Я молча, возможно, слишком пристально смотрел, как Бьянка, поколебавшись, вклинилась между мной и столом, затем села на него, соприкоснувшись со мной ногами. Когда она взяла меня за руку, меня поразило, насколько мы с ней разные. Она была бледнее, кожа шелковистая под пушком белокурых волос, ногти на ее длинных и тонких пальцах были покрыты вечно облупившимся лаком. На фоне моей смуглой кожи, рассеченной ножом отчетливой татуировки ангела, я казался каким-то варваром, дикарем.
Я это и чувствовал тоже.
Ее запах проник мне в нос, вытворяя что-то с моими внутренностями. Я хотел прижать Бьянку к столу, сильно надавив рукой ей на грудь, затем широко раздвинуть ее ноги и зарыться ртом в источник этого сладкого запаха, в эту юную киску, которая была уже в дюймах от моего лица.
Охуеть.
Я никогда не был помешан на сексе, потому что не был помешан на удовольствии.
Я знал только боль и одиночество. Подрочить в сухую, чтобы почувствовать жесткое трение собственной руки, было в основном достаточно для удовлетворения, а когда этого не происходило, я трахал какую-нибудь из бесконечной череды женщин, вешающихся на меня в «
Никогда простого женского запаха не было достаточно, чтобы я стал твердым, как гребаные гвозди.
Я подумал, не покраснела ли ее задница и не покрылась ли рубцами от бамбуковой трости, и почувствовал, как мой член соприкоснулся с тканью брюк моего костюма.
Бьянка тихонько зашипела, рассматривая мою руку под светом стоящей у меня на столе лампы Тиффани — кожа была изрезана квадратиками цветного света.
— Выглядит ужасно, Тирнан.
Я хотел дать ей повод меня бояться, увидеть, как ее глаза наполняются слезами, пока я учу ее, как принимать боль, как доставлять мне удовольствие.

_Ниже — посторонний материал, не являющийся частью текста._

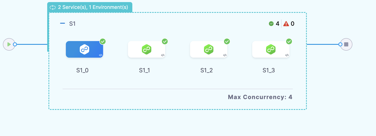 - After 1 (S1 I1) is deployed, then 3 (S1 I2) will be deployed sequentially (same service across different infrastructures).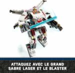 Armure robot X-wing LEGO à construire – Le robot jouet possède des mains, des bras, des jambes et des pieds mobiles, un cockpit ouvrant pour minifigurine et un jetpack X-wing réglable, ainsi qu’un grand sabre laser et un blaster lance-tenons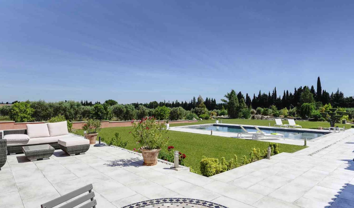 Cette villa de charme est orientée sud mais en forme de U à l’abri du Mistral. Les terrasses sont grandes et donnent directement sur la piscine de 12 M X 6 M. De plus, l’espaces extérieurs est aménagé avec du mobilier confortable pour profitez du soleil et de vivre en plein air.

— Ничего страшного, — сквозь стиснутые зубы произнес я.
Это было меньше, чем ничего, Брайант уже столько раз нанес мне столько ран, в столь впечатляющих формах, что для меня это было буквально пустяком.
— Кто это с тобой сделал? — спросила Бьянка, как будто хотела отругать ребенка за драку на детской площадке.
Не знаю, что заставило меня быть честным. Может, мне захотелось ее шокировать. Может, признаться кому-то, кто его не знает, что Брайант всегда был чудовищем, каким Бьянка, вероятно, считала и меня.
— Мой отец.
Она моргнула, глядя на меня с таким выражением лица, которое можно было назвать в какой-то степени восхитительным.
— Ты серьезно?
Я пожал плечами и повторил:
— Ничего страшного.
В течение какого-то времени она рассматривала меня серьезными голубыми глазами, но не стала настаивать. Вместо этого Бьянка просто цокнула языком. Я смотрел, как она открывает металлическую коробку и достает материалы, чтобы сшить кожу. Она была самой заботливой семнадцатилетней девушкой на планете.